No one has doubts about it now: our world has turned upside down by the Coronavirus. Priorities have been shifted and life has never been so different in the past 50 years as it is now. By the end of this era, we all can be sure of one thing: this time will leave an enormous trace on the worldwide economy and start some not-so-good-looking tendencies. Most of my clients are hesitating (or worse, panicking) as they are now introduced to a very unique situation. What would be my advice? Here is the high time to start with Business Continuity Planning (BCP).

What is BCP and does it do any good to me?

BCP is the process of creating a system of prevention and recovery from potential threats to a company. The plan ensures that personnel and assets are protected and can function and react quickly in the event of natural or manipulated disasters. In this sense, we can confidently state that now, in 2020, BCP is the key to the survival of your business. Because if you thought that insurance and instant funding from your government will help you, well, now be prepared to change your mind.

7 questions to launch your Business Continuity Planning

1. How can coronavirus affect your business?
2. Do you have personnel backups (for instance if one or some of your coworkers got sick)?
3. During the quarantine: can your colleagues work from home?
4. How will your clients likely react and will their attitude change?
5. In case of a drop in sales, do you have the savings to cover? What budget-cutting initiatives can help you to survive the loss of sales for a certain period? What alternatives ways can you generate cash flow during the crisis?
6. What ways of working can be switched to online?
7. Do you order any supplies that can be possibly jeopardized during the lockdown of other areas? (Like ordering products from Italy, China)

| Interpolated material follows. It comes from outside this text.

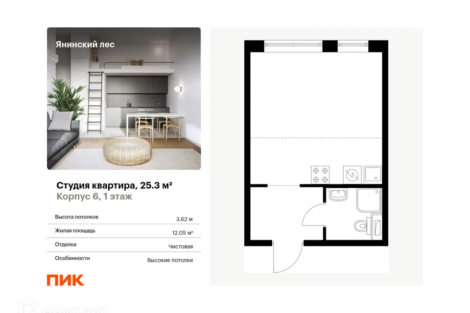 Студия, 25.3 м², 7/15 этаж

The answer starts with outsourcing

In my point of view, I have worked only with a few SME’s that have a „code to survival mode” in their top drawer. And even they are going to be hit by the current situation. But if you could just minimize the impact, wouldn’t you do that? I bet you would. This situation teaches us that working remotely is not just possible, but advisable, also cuts cost and possibly motivates your coworkers. A well-planned outsourcing system helps to ensure business continuity in a crisis. Clearly, it won’t solve the problem entirely and it won’t get back on track in a month, but it can minimize the risk of shutting down of your business. Also, discovering new tools and new ways of working, developing our technological skill has just become essential to keep up with the change that is coming.